A bus goes from Hanoi to Yen Bai (on the Hanoi – Lao Cai highway) with a speed of 60 km/h. After 25 minutes, a tourist car also goes from Hanoi to Yen Bai (on the same road as the bus) with a speed of 85 km/h. Both cars did not stop along the way.

a) Let $D(x) $ be the polynomial representing the distance traveled by the bus and $K(x) $ be the polynomial representing the distance traveled by the bus from the start to the time the bus stops. go x hours. Find $D(x)$ and $K(x) $.

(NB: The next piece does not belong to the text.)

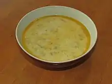 Zuppa toscana is a broad term, literally meaning "Tuscan[1] soup",[2] though in Italy it is called "minestra di pane", meaning "bread soup". Though there can be many variations on the same Italian food,[3] and though there are certainly many variations under the umbrella of the term 'zuppa toscana', classic zuppa toscana's main ingredients are cannellini beans, potatoes, and kale. A North American version, popularized by Olive Garden and made with Italian sausage, crushed red pepper, diced white onion, bacon, garlic purée, chicken bouillon, heavy cream, potatoes, and kale[4] is richer than the original.

b) Show that the polynomial $f(x) = K(x) – D(x) $ has a solution of $x = 1$. Explain the meaning of the solution $x = 1$ of the polynomial $f(x) $.

Solution guide:

a)

25 minutes = $\frac{5}{12}$ hours

According to the topic, we have:

$D(x) = 85x$

$K(x) = 60.\frac{5}{12} + 60x = 60x + 25$

b) $f(x) = K(x) – D(x)$

$= 60x + 25 – 85x $

$= 25 – 25x$

Substituting $x = 1$ into $f(x)$, we get:

$f(1) = 25 – 25.0 = 0$

So: Polynomial $f(x) = K(x) – D(x)$ has a solution of $x = 1$

* Meaning: When two cars have traveled for 1 hour, they will meet.